* DATASET EXTRACT
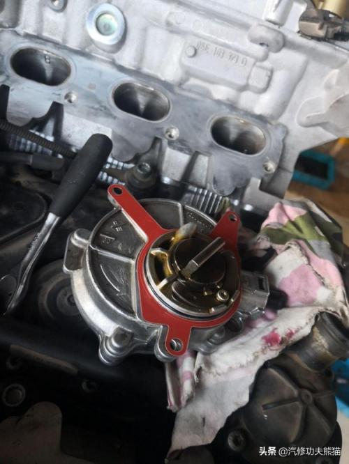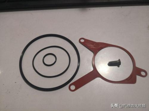 刹车真空修理包。原厂貌似只提供这个红色的垫子。因为泵上一个螺丝滑牙了,所以我从另一个报废的Q5泵泵上拆了一个螺丝过来。大的那个圈是专用的密封圈,奥迪没单独提供,但是宝马有,我就用了宝马的,中间那个圈是被厂家省略偷工减料的一个圈,我给补回去,最小的那个圈是上面一个单向阀的圈,原厂也不提供,我直接买了日本进口挖机上的同尺寸密封圈,这样修复之后的泵就万无一失了。
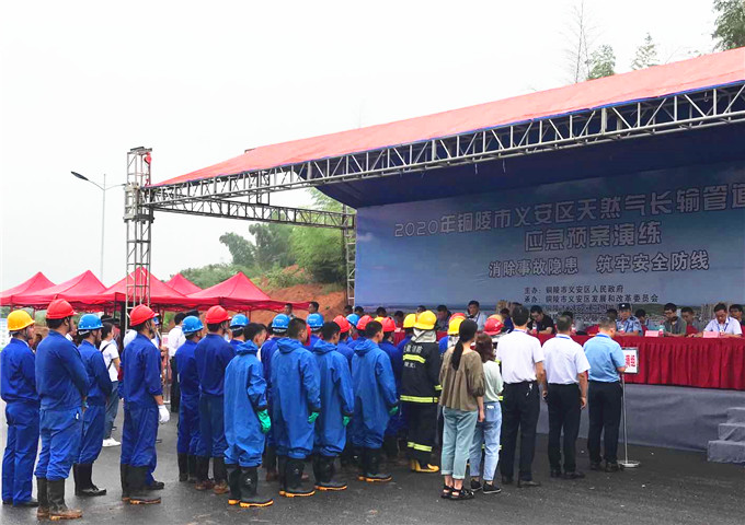 为扎实开展全国第19个“安全生产月”,弘扬“消除事故隐患,筑牢安全防线”主题,提高对天然气长输管道泄漏事故救援联动反应能力,6月23日上午,由省天然气公司承办的2020年铜陵地区天然气长输管道安全事故应急演练在铜陵市义安区成功举行。
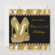 Convite de aniversário de salto alto com glitter dourado. Para deixar uma área de texto em branco, exclua o texto.
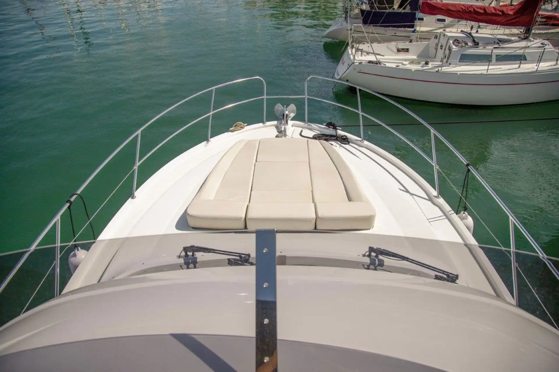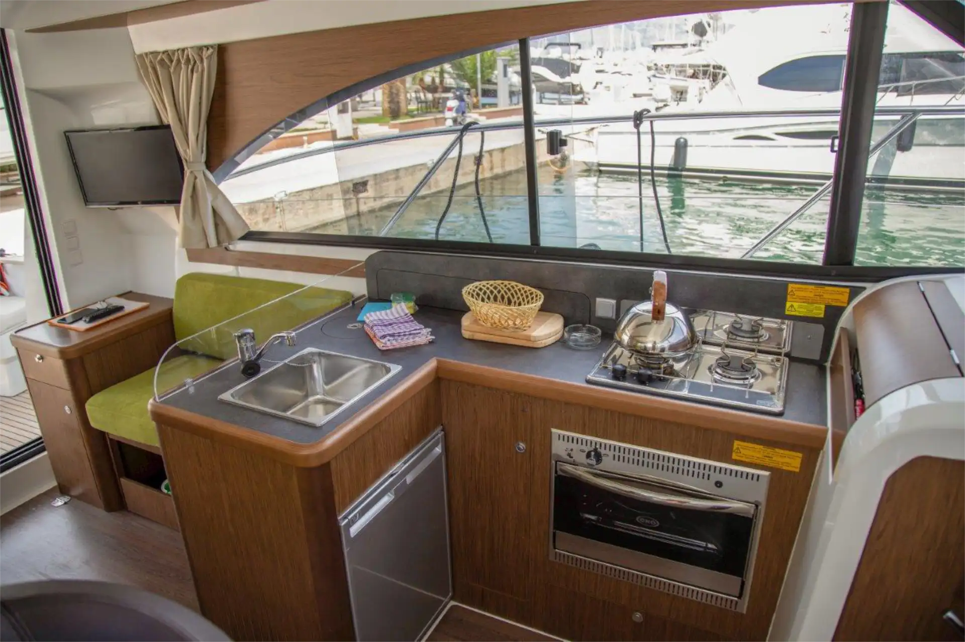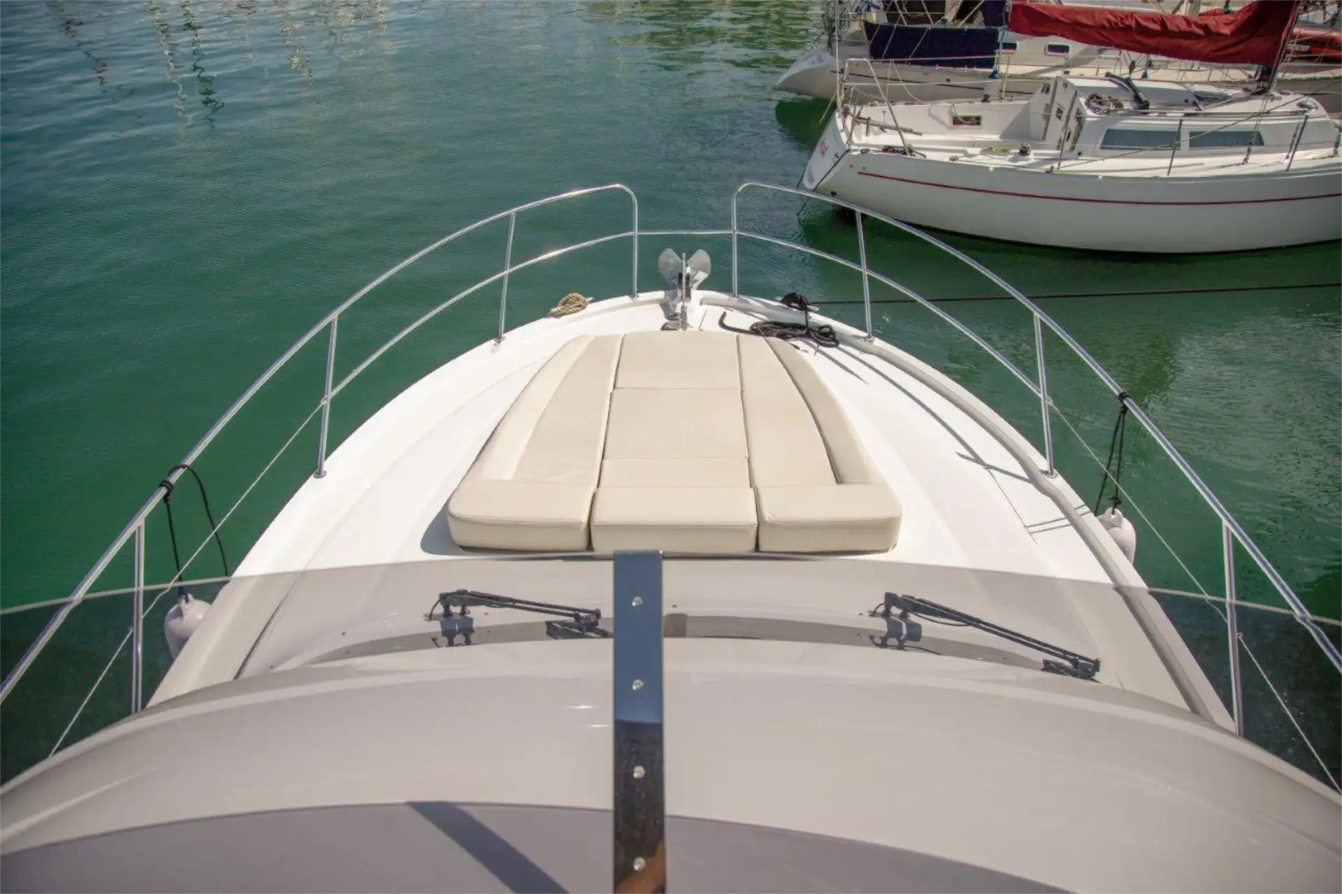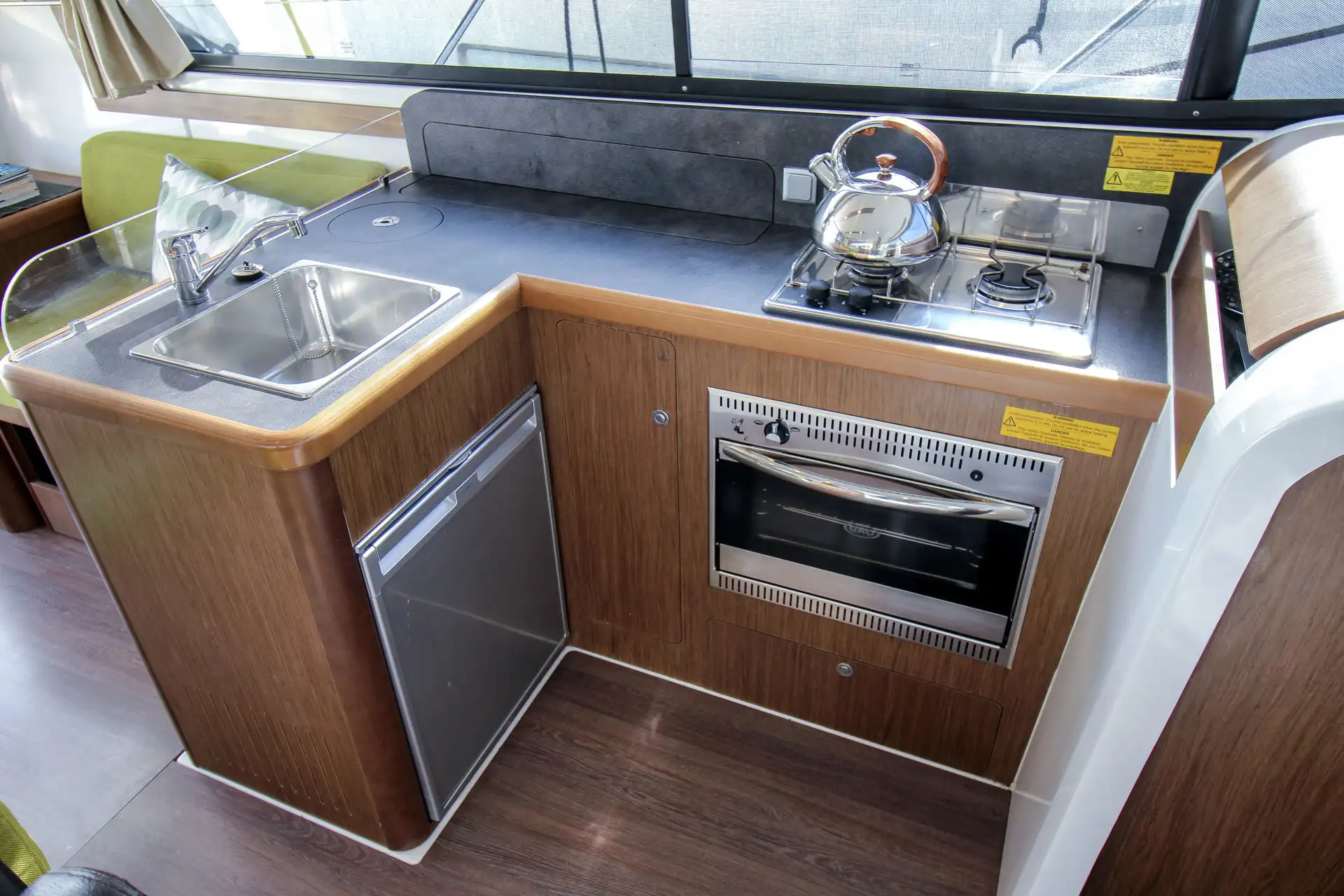 Die voll ausgestattete Pantry, ein leistungsstarker Generator und eine Klimaanlage sorgen für ein wohnliches Ambiente. Mit Bug- und Heckstrahlruder kann der Skipper stressfrei und unbesorgt manövrieren, da die Motoryacht äußerst präzise reagiert, ein Beweis für das perfekte Bootsdesign.

* DIRECTIONS FOR THIS TASK
Pictures do not go in the copy. Write out exactly the lines from the line containing "Convite de aniversário" through the last line of the listing.

* SOLUTION
 Convite de aniversário de salto alto com glitter dourado. Para deixar uma área de texto em branco, exclua o texto.
 Die voll ausgestattete Pantry, ein leistungsstarker Generator und eine Klimaanlage sorgen für ein wohnliches Ambiente. Mit Bug- und Heckstrahlruder kann der Skipper stressfrei und unbesorgt manövrieren, da die Motoryacht äußerst präzise reagiert, ein Beweis für das perfekte Bootsdesign.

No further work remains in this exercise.